O grande pensador francês da fenomenologia volta-se agora, em sequência a seu notável estudo sobre o Cristo, EU SOU A VERDADE (art950), para uma reflexão aprofundada sobre a encarnação do Verbo, da Verdade. Elucidar a “encarnação”, a existência na carne, o “ser-carne”, tal é a proposta deste livro. A carne não é o corpo. Pois é a carne que se experienciando, se sofrendo, se submetendo e se suportando a si mesma, desfrutando de si segundo impressões sempre renascentes, é capaz de sentir o corpo que lhe é exterior, de tocá-lo assim como de ser tocada por ele. Só a carne nos permite no final das contas conhecer o corpo.
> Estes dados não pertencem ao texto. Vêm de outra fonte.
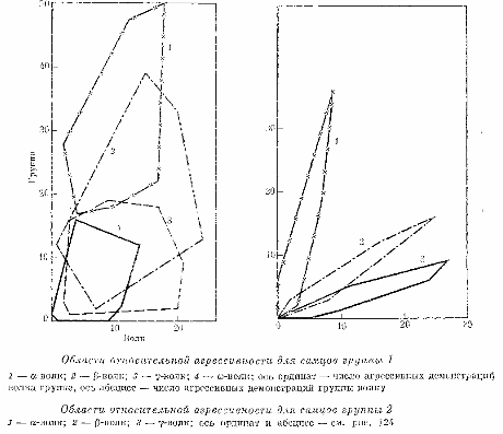 Для графического изображения этих отличий нами предложена следующая схема. Для каждого животного построен график зависимости числа агрессивных действий, адресованных им группе от числа агрессивных действий остальных членов группы, адресованных ему. Такое соотношение, разумеется, будет подвержено некоторым колебаниям в ходе опытов п, в конечном итоге, мы получим некие области, характеризующие место животного в группе. В том случае, если структура группы определяется иерархией, основанной почти исключительно на агрессии, можно ожидать, что центры областей, характеризующих агрессивность отдельных животных, будут располагаться по некоторой гипотетической гиперболе: а - волк максимально приближен к оси ординат п удален от оси абсцисс, со - волк - к оси абсцисс, а остальные располагаются между ними. Если же структура группы основана на гибком разделении поведенческих ролей и отношениях лояльности между отдельными животными, то можно ожидать иного распределения областей относительной агрессивности. Например, низкоранговые животные будут вообще отличаться незначительным участием в агрессивных столкновениях. Возможно и выделение одного или нескольких контролирующих животных, обеспечивающих соблюдение порядка кормления в группе, что выразится з растянутости соответствующей области вдоль осп ординат.
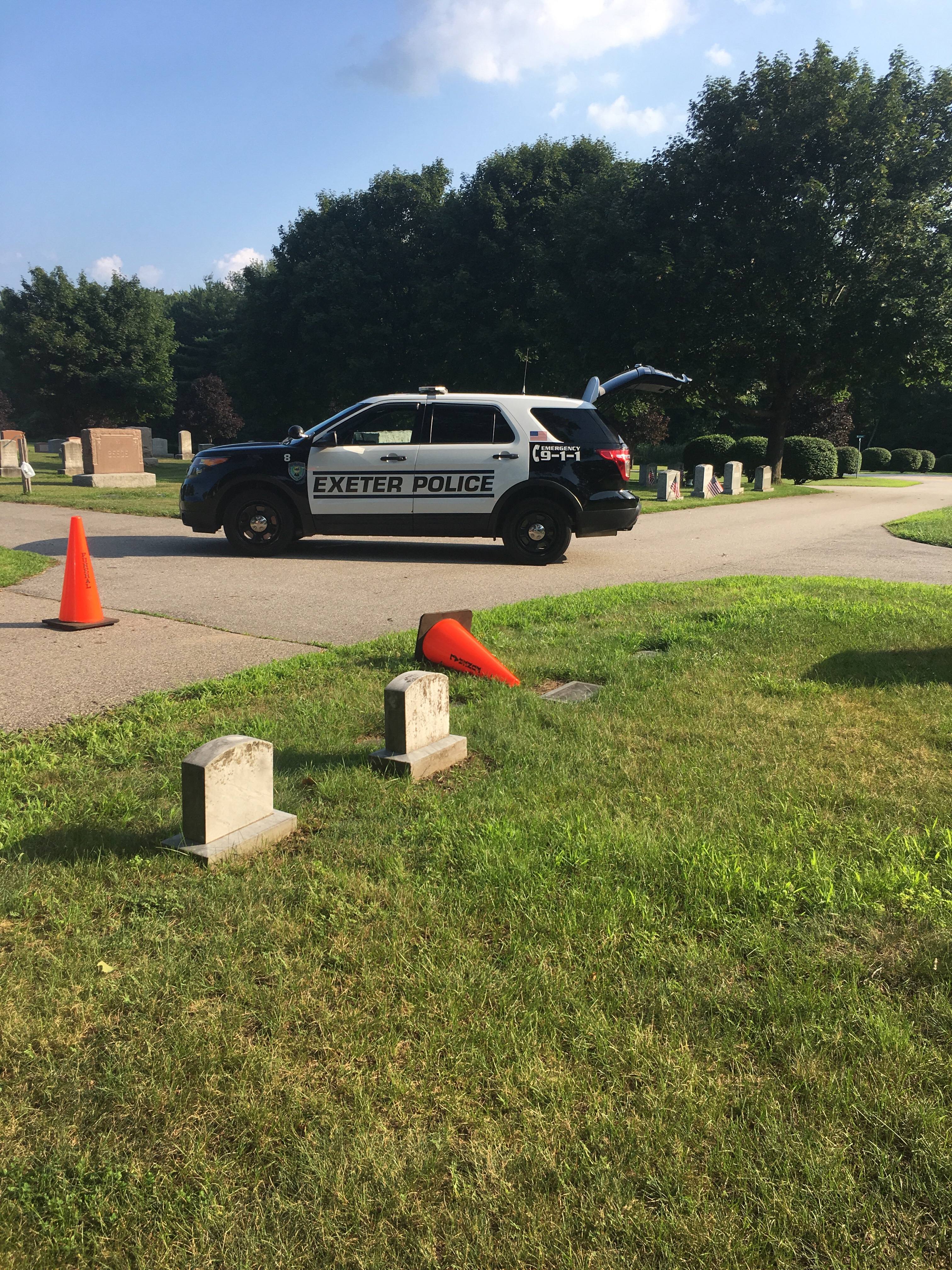 We were heartened by how many people stopped by to offer some form of kindness to us. My van was in the middle of one of the lanes that snake through the cemetery because I expected our time there to be brief. Now it was blocking traffic for the occasional mourner who drove in. A woman rolled down her window and told us we would need to move our car. We explained our predicament. She immediately offered to get us some water and extended her cell phone to us. We thanked her and told her that help was on the way. Another guy pulled up in a truck and was sympathetic, learning of our plight. If people didn’t ask what we were doing we made a point of telling them since we appeared to be taking a leisurely and rather irreverent break in a sacred burial ground. One young man with a backpack strapped onto his body emerged from the nearby woods and hiked his way across the green lawn as if it were a mountain range. There was a groundskeeper who was distinctly disinterested in our situation but mowed rigorously, keeping the Exeter Cemetery in fine condition. One guy pulled up to water the plants at his family tombstone. When he understood our situation he suggested we consider calling the local police department. “They often help people who are locked out of vehicles.” he stated in a wonderful Boston brogue. Since help was on the way we weren’t concerned but decided to write down the number just in case. He told us that he was raised by a single mother. He and his three brothers knew intimately the workings of the local police department from their earlier years! It turned out that his tip would be most useful to us.

Mas a elucidação da carne vai ao encontro necessariamente da afirmação fundamental que se encontra no Prólogo do Evangelho de João: “E o Verbo se fez carne” (Jo 1,14). Tese inverossímil, sobre a qual se joga no entanto a sorte do cristianismo através dos tempos. Ela afirma ao mesmo tempo que a carne do Cristo é semelhante à nossa, que o homem “é carne”, que a unidade do Verbo e da carne é possível e se realiza no Cristo. Mas que deve ser a carne para ser revelação ? E que deve ser a revelação para se realizar como carne ?
Eis algumas das questões deste livro de Michel Henry, prolongando e aprofundando sobremaneira sua investigação fenomenológica da tradição cristã, segundo sua perspectiva ímpar de uma meditação da Vida, conforme objeto de seus estudos anteriores, em particular seu EU SOU A VERDADE (art950).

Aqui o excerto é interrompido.